• _PROBLEM DESCRIPTION_: Leave out the pictures, then return the records word for word.

(Beginning of GIVEN RECORDS)

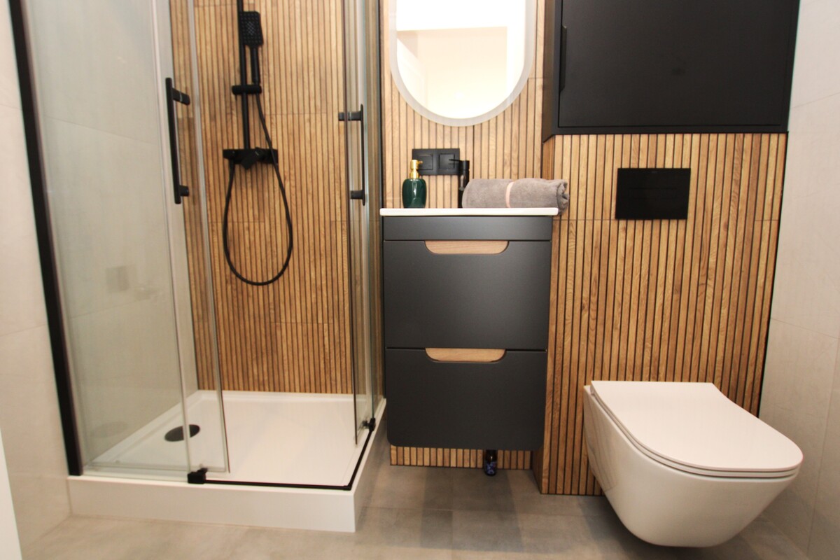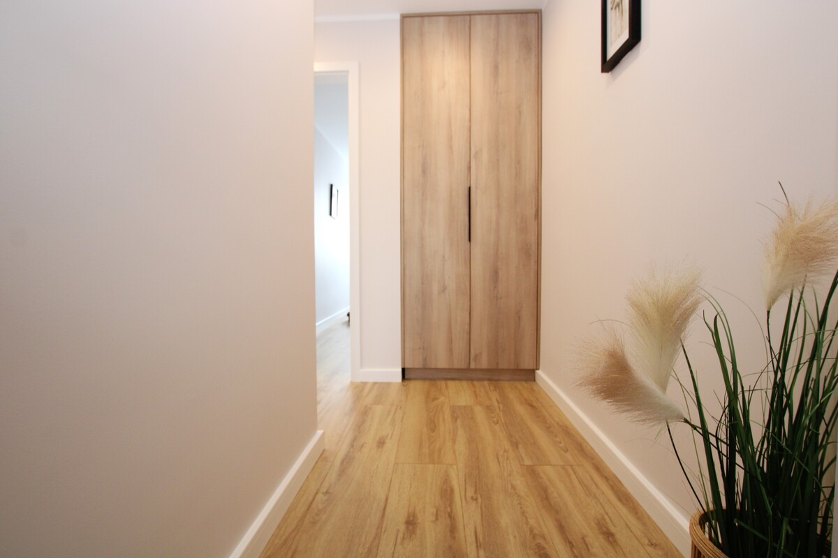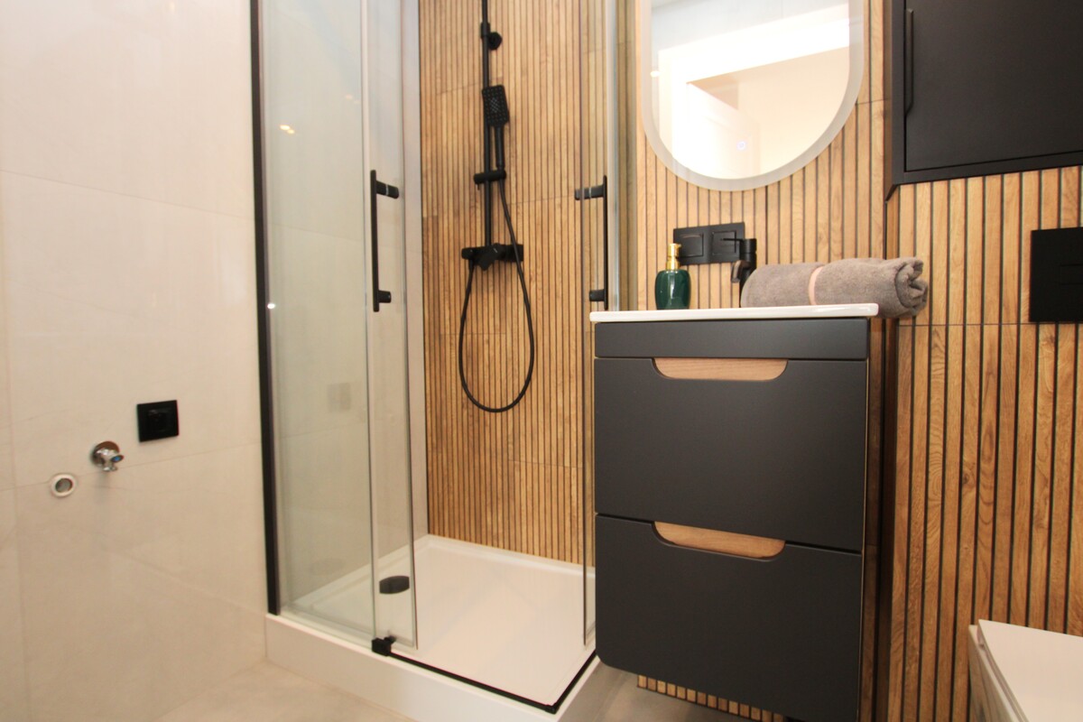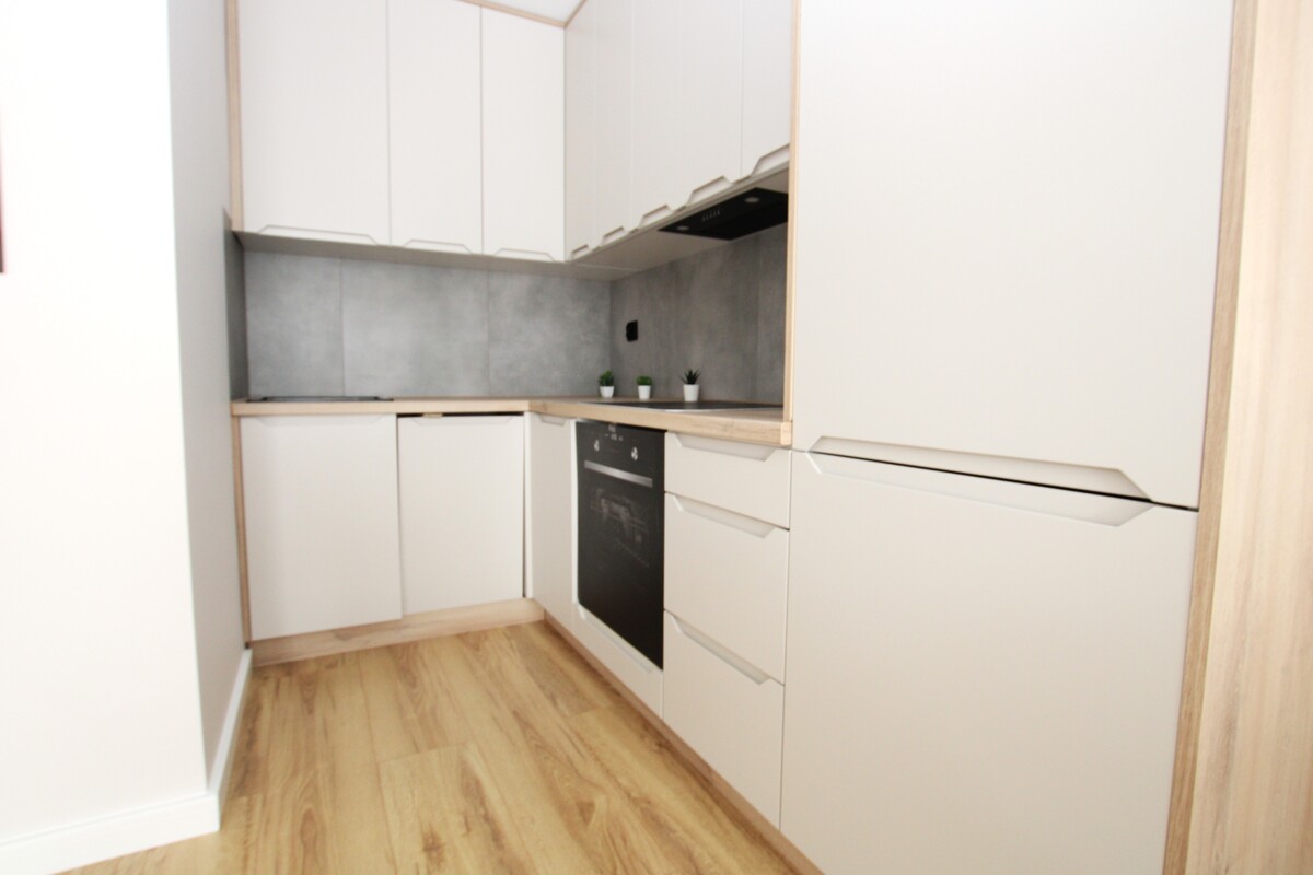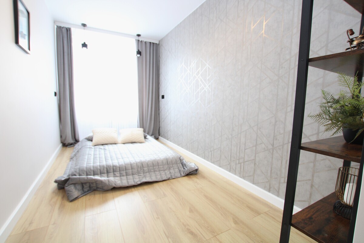 Mieszkanie o wysokim standardzie, nowocześnie i zaaranżowane według indywidualnego projektu. W pokojach na podłodze panele, stolarka okienna PCV, nowe podłogi, gładzie na ścianach. Łazienka z nowoczesną kabiną prysznicową, gres i terakota w modnych odcieniach czerni, drewna i bieli. Zaprojektowana przestrzeń dzienna, którą tworzy salon z aneksem kuchennym stanowi bardzo funkcjonalne rozwiązanie dla miejsca na jadalnię i strefę wypoczynkową. Oddzielna sypialnia. Nowa zabudowa kuchni oraz duża szafa w przedpokoju w cenie mieszkania.
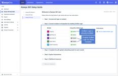 See the table below for links to instructions on how to enable Unified Login for each of your modules. Upon clicking a link, the Enable Log In with KaseyaOne article opens in a separate tab. Simply return to this tab to continue to the next procedure.
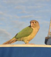 Kraken is two years old. She is sweet and friendly and has a green leg band on her foot. She flew away in the Golden Isles Lake area in Hallandale Beach.
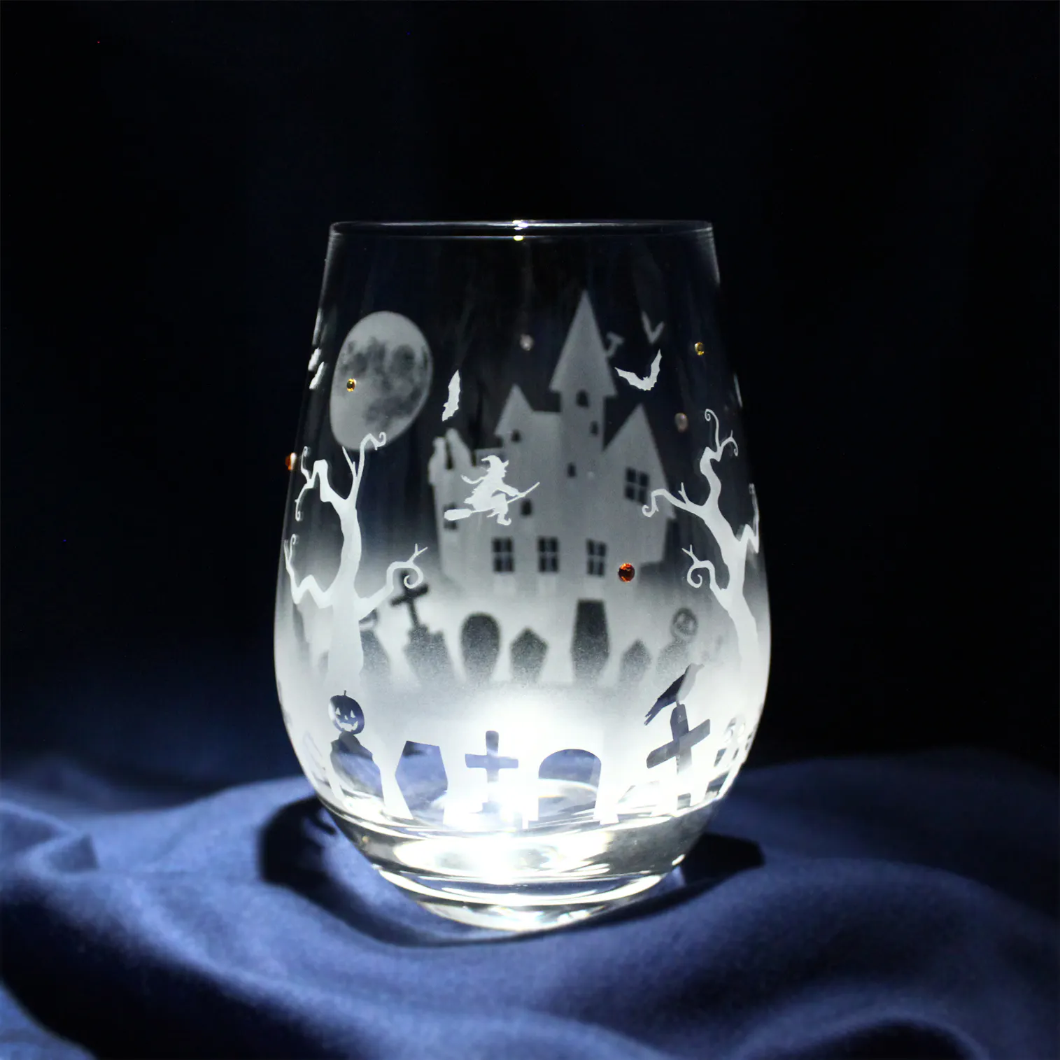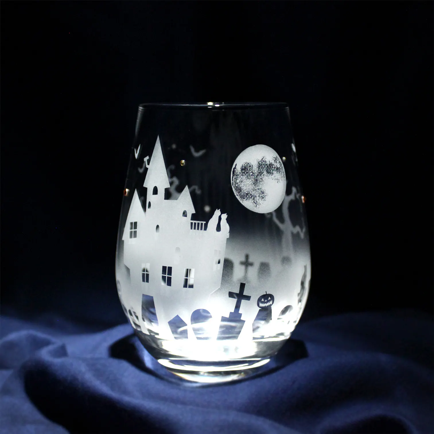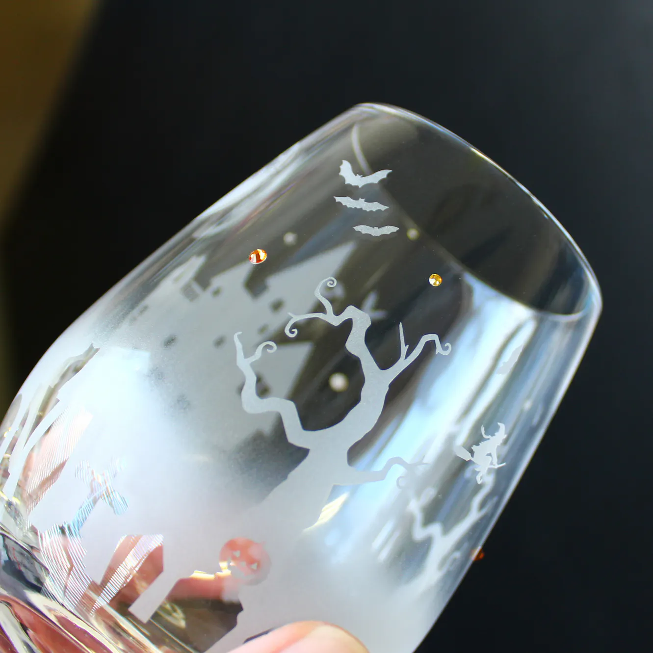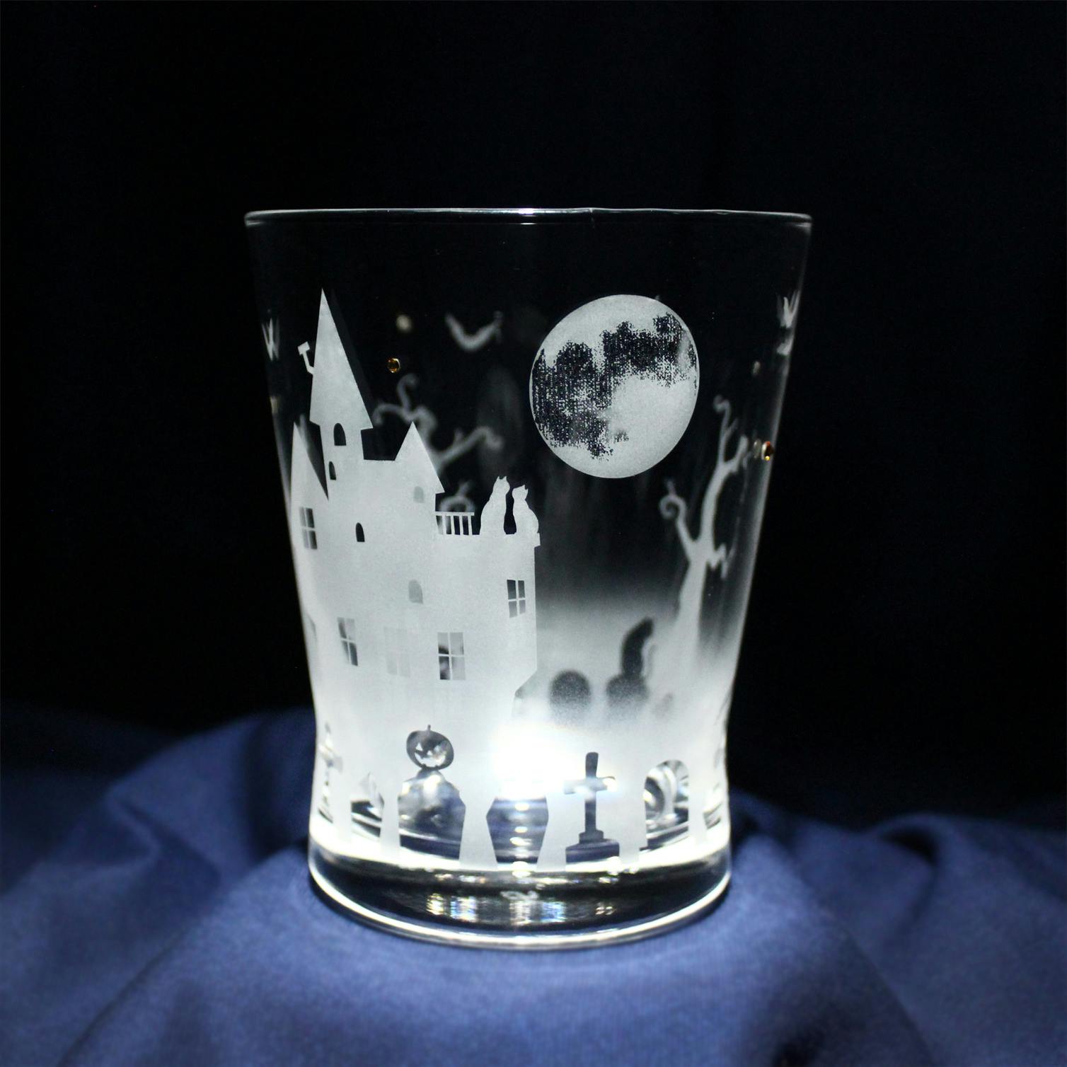 ティアドロップ形状のワイングラスに、ハロウィンのモチーフ達をサンドブラストで彫刻して、妖しげな雰囲気のハロウィン・ワイングラスができました!
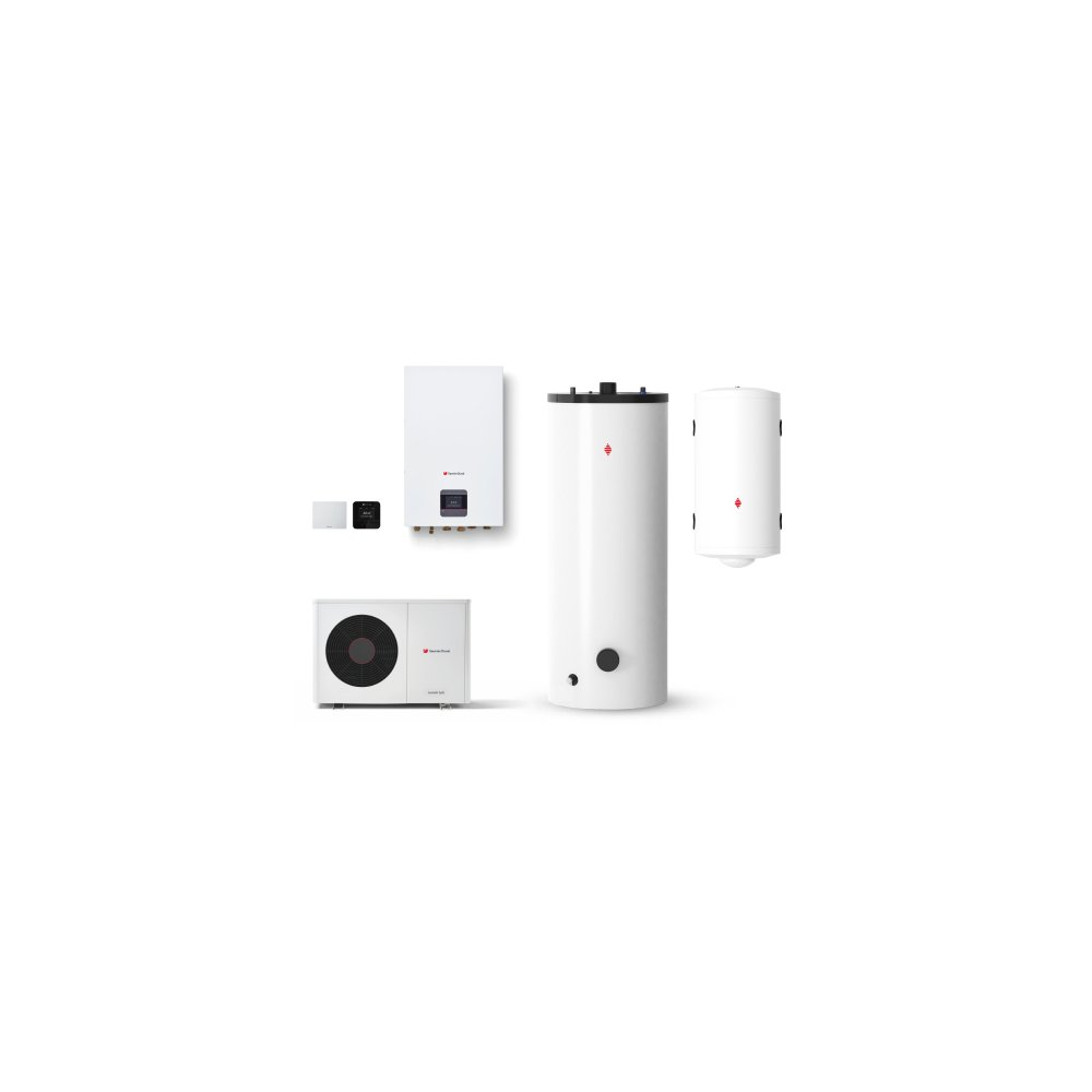 Pompa ciepła powietrze/woda typu split HA 3-8.2 OS 230V, moduł ścienny HA 5-8.2 WSB, regulator MiPro sense SRC 720, zintegrowany moduł internetowy SR 940, zasobnik cwu FEW 250, czujnik cwu w dostawie z modułem ściennym, bufor co WN RW 50.
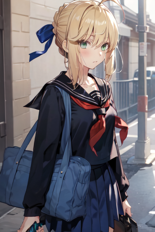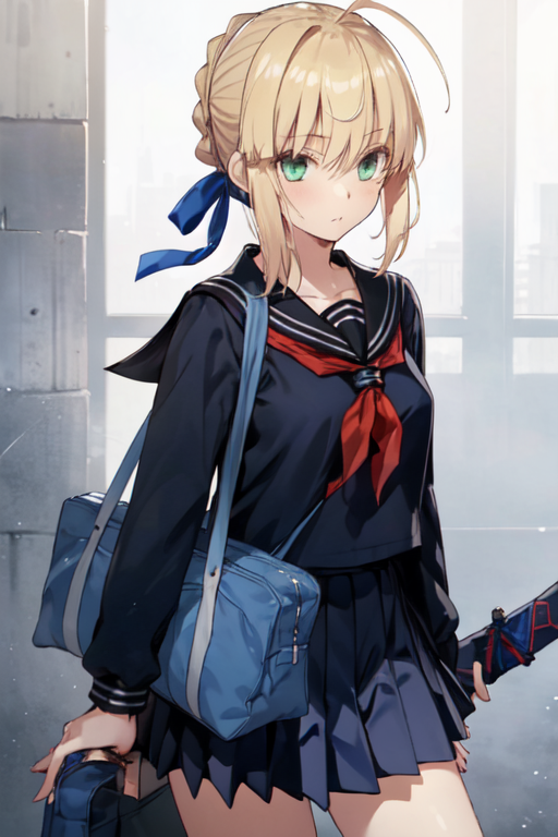 MasterArtoria, 1girl, solo, short hair, pleated skirt, blue skirt, blonde hair, school uniform, green eyes, collarbone, hair ribbon, braid, ahoge, sidelocks, blue serafuku, sword, bag, red neckerchief, blue ribbon,
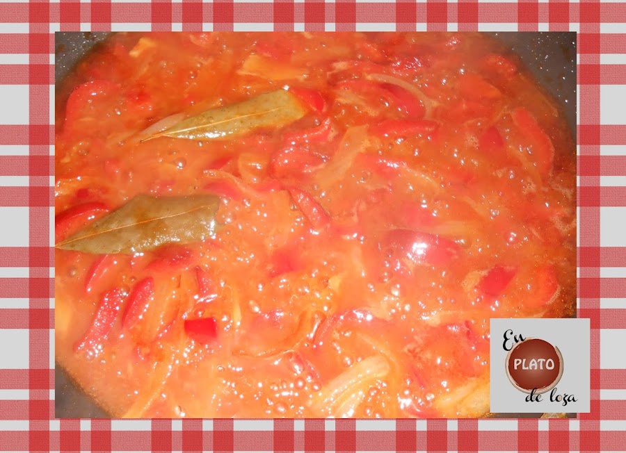 Es una de esas recetas que hay que preparar por partes así que seguimos por aquí pero hay que intercalar el resto. Sofreímos la cebolleta y el pimiento rojo con un par de granos de pimienta y el laurel, cuando estén pochados le echamos una cucharadita de pimentón de la Vera y apenas un minuto removiendo le echamos medio vaso de vino. Dejamos que reduzca y si aún vemos que la verdura no esta hecha le echamos un poco de agua y dejamos hervir. Reservamos.

(End of GIVEN RECORDS)

• _SOLUTION TO THIS TASK_:
 Mieszkanie o wysokim standardzie, nowocześnie i zaaranżowane według indywidualnego projektu. W pokojach na podłodze panele, stolarka okienna PCV, nowe podłogi, gładzie na ścianach. Łazienka z nowoczesną kabiną prysznicową, gres i terakota w modnych odcieniach czerni, drewna i bieli. Zaprojektowana przestrzeń dzienna, którą tworzy salon z aneksem kuchennym stanowi bardzo funkcjonalne rozwiązanie dla miejsca na jadalnię i strefę wypoczynkową. Oddzielna sypialnia. Nowa zabudowa kuchni oraz duża szafa w przedpokoju w cenie mieszkania.
 See the table below for links to instructions on how to enable Unified Login for each of your modules. Upon clicking a link, the Enable Log In with KaseyaOne article opens in a separate tab. Simply return to this tab to continue to the next procedure.
 Kraken is two years old. She is sweet and friendly and has a green leg band on her foot. She flew away in the Golden Isles Lake area in Hallandale Beach.
 ティアドロップ形状のワイングラスに、ハロウィンのモチーフ達をサンドブラストで彫刻して、妖しげな雰囲気のハロウィン・ワイングラスができました!
 Pompa ciepła powietrze/woda typu split HA 3-8.2 OS 230V, moduł ścienny HA 5-8.2 WSB, regulator MiPro sense SRC 720, zintegrowany moduł internetowy SR 940, zasobnik cwu FEW 250, czujnik cwu w dostawie z modułem ściennym, bufor co WN RW 50.
 MasterArtoria, 1girl, solo, short hair, pleated skirt, blue skirt, blonde hair, school uniform, green eyes, collarbone, hair ribbon, braid, ahoge, sidelocks, blue serafuku, sword, bag, red neckerchief, blue ribbon,
 Es una de esas recetas que hay que preparar por partes así que seguimos por aquí pero hay que intercalar el resto. Sofreímos la cebolleta y el pimiento rojo con un par de granos de pimienta y el laurel, cuando estén pochados le echamos una cucharadita de pimentón de la Vera y apenas un minuto removiendo le echamos medio vaso de vino. Dejamos que reduzca y si aún vemos que la verdura no esta hecha le echamos un poco de agua y dejamos hervir. Reservamos.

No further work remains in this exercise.